Haus-Rucker-Co Environment Transformer / Flyhead, 1968. Photo: Ben Rose, courtesy Archive Zamp Kelp
Haus-Rucker-Co, The Mind Expander/Flyhead Helmet
Haus-Rucker-Co was an Austrian design studio formed by Laurids Ortner, Günther Zamp Kelp, and Klaus Pinter. Across the 1960s and 1970s, they created a series of experimental architectural interventions that aimed to change people’s perception of the urban environment through wearable, portable, and sometimes even edible designs. The Flyhead Helmet pictured here was part of their Mind Expanding Program project from 1967 to 1971, a green tinted helmet which refracted the user’s vision into a prism accompanied by headphones that disoriented their hearing. The group’s other projects included edible models of cities that they invited audiences to consume in public performances, and huge PVC balloons suspended from the top floor of a building that could support two people and a bathtub.

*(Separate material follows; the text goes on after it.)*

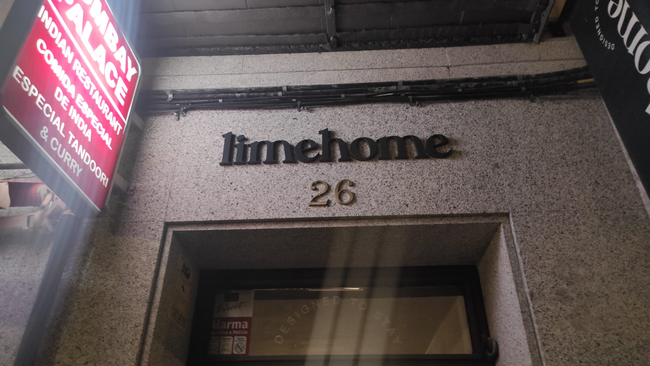 Cartel de Limehome sobre la entrada de Ave María 26, en una imagen de diciembre de 2022 | FOTO: XLAVAPIES.COM

Haus-Rucker-Co’s wearable design appears mostly decorative next to today’s smart devices that accumulate and exchange data with remarkable speed. Indeed, the candy colors and hallucinatory sensibility of the collective’s projects would be unimaginable outside the cultural atmosphere in the 1960s that combined hippie culture with growing anxieties about urban and air pollution. But perhaps Haus-Rucker-Co’s motivations weren’t so far off from that of today’s IoT when considering their interest in network theory, a nascent idea during their time which provided not merely a functional but idealized model for social cohesion. It expanded the dual relationship between viewer and object, including artwork, towards a plural context of countless agents and nodes of information connecting them. In fact, many of the collective’s apparatuses were “intended to be networked to other objects (and their wearers)” (Ross Elfine, “Common Ground: Haus-Rucker-Co’s Food City I and Collaborative Design Practice”) — the wearer of the flyhead helmet would not only tap into an alternate experience of the world but was expected to share their experience with wearers of other wearable devices like the Drizzler and Viewatomizer.
Switch “share” with “exchange” and “experience” with “information,” and we make a surprisingly quick transition to our IoT. But this switch is precisely what deserves more scrutiny. Somewhere along the line, early network enthusiasts’ emphasis on play — with all its irreducible subjectivity and spontaneity — has become an empty facade for the strictly controlled parameters of today’s technological agents, both human and nonhuman.